Together with Rosso Fiorentino he was one of the leading artists to work at the Chateau Fontainebleau (where he is grouped with the so-called "First School of Fontainebleau") spending much of his life there. Following Rosso's death in 1540, Primaticcio took control of the artistic direction at Fontainebleau, furnishing the painters and stuccators of his team, such as Nicolò dell'Abate, with designs. He made cartoons for tapestry-weavers and, like all 16th-century court artists, was called upon to design elaborate ephemeral decorations for masques and fêtes, which survive only in preparatory drawings and, sometimes, engravings. Francis I trusted his eye and sent him back to Italy on buying trips in 1540 and again in 1545.

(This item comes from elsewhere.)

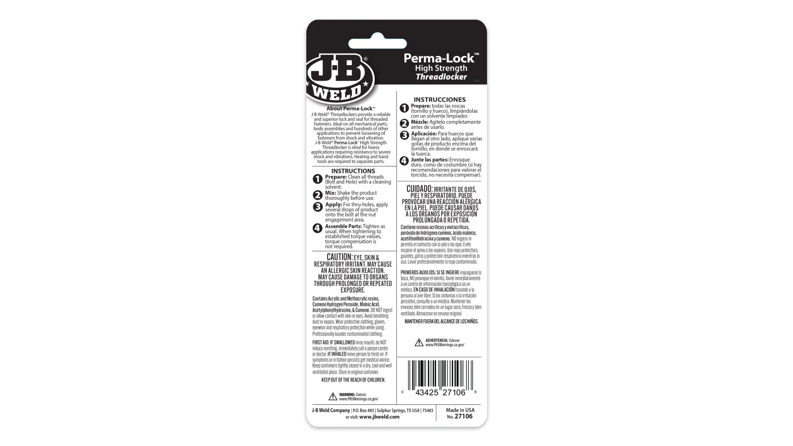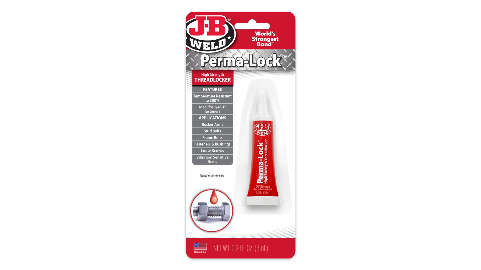 J-B Weld Threadlockers provide a reliable and superior lock and seal for threaded fasteners. Ideal on all mechanical parts, body assemblies, and hundreds of other applications to prevent loosening of fasteners from shock and vibration. J-B Weld Perma-lock High Strength Threadlocker is ideal for heavy-duty applications requiring resistance to severe shock and vibrations. Heating and hand tools are required to separate parts.

In Rome, part of Primaticcio's commission was to take casts of the best Roman sculptures in the papal collections, some of which were cast in bronze to decorate the parterres at Fontainebleau.

Primaticcio retained his position as court painter to Francis' heirs, Henry II and Francis II. His masterpiece, the Salle d'Hercule at Fontainebleau, occupied him and his team from the 1530s to 1559.

Primaticcio's crowded Mannerist compositions and his long-legged canon of beauty influenced French art for the rest of the century.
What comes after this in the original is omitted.